▶ Exercise
Give the listing below again exactly, but without any of its pictures.
>>>
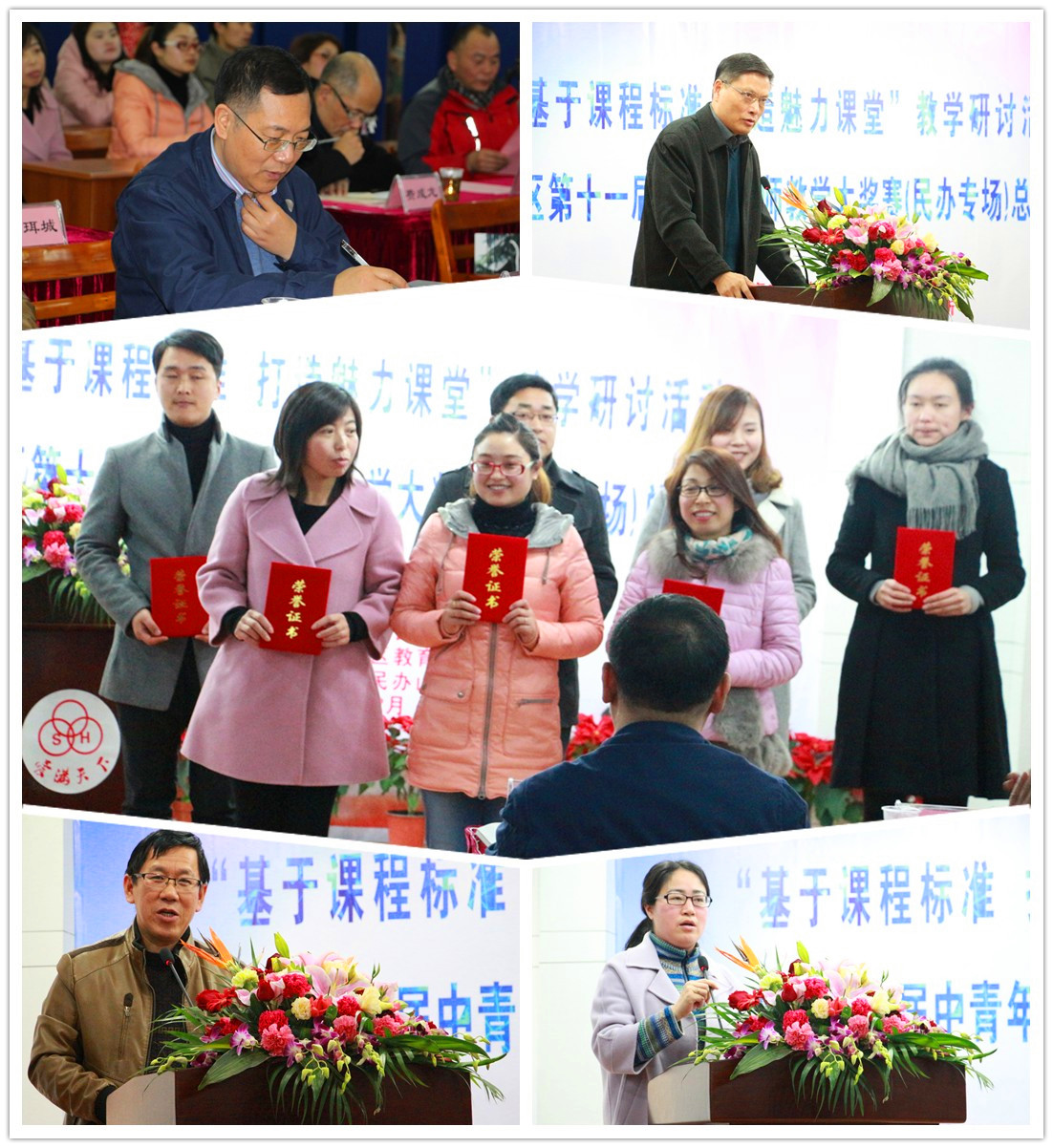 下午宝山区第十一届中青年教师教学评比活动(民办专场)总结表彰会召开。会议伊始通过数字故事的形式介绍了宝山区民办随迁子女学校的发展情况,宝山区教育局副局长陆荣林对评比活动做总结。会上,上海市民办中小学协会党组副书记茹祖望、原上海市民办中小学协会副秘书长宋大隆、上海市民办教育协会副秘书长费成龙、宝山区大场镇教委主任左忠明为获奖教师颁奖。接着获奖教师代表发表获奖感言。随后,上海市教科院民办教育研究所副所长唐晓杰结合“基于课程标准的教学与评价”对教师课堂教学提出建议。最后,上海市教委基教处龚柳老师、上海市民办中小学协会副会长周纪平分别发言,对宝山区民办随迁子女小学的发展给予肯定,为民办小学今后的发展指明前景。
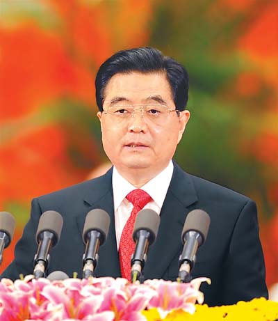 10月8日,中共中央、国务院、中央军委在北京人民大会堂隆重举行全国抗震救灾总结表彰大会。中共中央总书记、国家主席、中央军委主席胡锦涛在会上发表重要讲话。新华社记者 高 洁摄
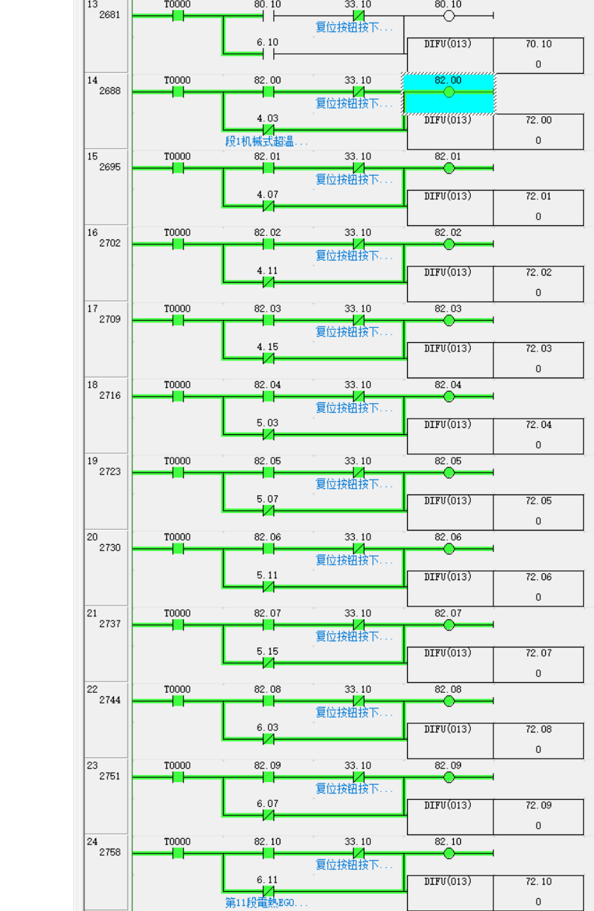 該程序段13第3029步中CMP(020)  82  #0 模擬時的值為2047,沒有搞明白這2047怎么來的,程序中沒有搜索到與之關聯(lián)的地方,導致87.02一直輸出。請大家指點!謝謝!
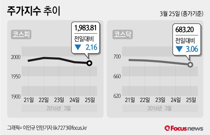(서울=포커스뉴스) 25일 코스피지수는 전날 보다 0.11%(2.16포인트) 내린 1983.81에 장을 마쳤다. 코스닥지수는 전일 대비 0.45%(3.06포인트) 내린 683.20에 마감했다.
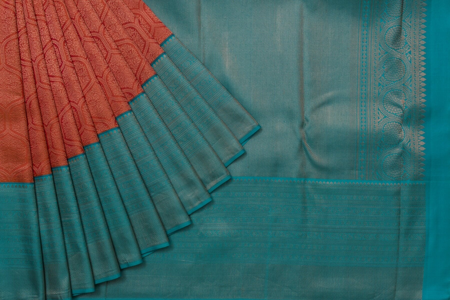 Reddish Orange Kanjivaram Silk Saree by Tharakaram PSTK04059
<<<
▶ Solution below
 下午宝山区第十一届中青年教师教学评比活动(民办专场)总结表彰会召开。会议伊始通过数字故事的形式介绍了宝山区民办随迁子女学校的发展情况,宝山区教育局副局长陆荣林对评比活动做总结。会上,上海市民办中小学协会党组副书记茹祖望、原上海市民办中小学协会副秘书长宋大隆、上海市民办教育协会副秘书长费成龙、宝山区大场镇教委主任左忠明为获奖教师颁奖。接着获奖教师代表发表获奖感言。随后,上海市教科院民办教育研究所副所长唐晓杰结合“基于课程标准的教学与评价”对教师课堂教学提出建议。最后,上海市教委基教处龚柳老师、上海市民办中小学协会副会长周纪平分别发言,对宝山区民办随迁子女小学的发展给予肯定,为民办小学今后的发展指明前景。
 10月8日,中共中央、国务院、中央军委在北京人民大会堂隆重举行全国抗震救灾总结表彰大会。中共中央总书记、国家主席、中央军委主席胡锦涛在会上发表重要讲话。新华社记者 高 洁摄
 該程序段13第3029步中CMP(020)  82  #0 模擬時的值為2047,沒有搞明白這2047怎么來的,程序中沒有搜索到與之關聯(lián)的地方,導致87.02一直輸出。請大家指點!謝謝!
(서울=포커스뉴스) 25일 코스피지수는 전날 보다 0.11%(2.16포인트) 내린 1983.81에 장을 마쳤다. 코스닥지수는 전일 대비 0.45%(3.06포인트) 내린 683.20에 마감했다.
 Reddish Orange Kanjivaram Silk Saree by Tharakaram PSTK04059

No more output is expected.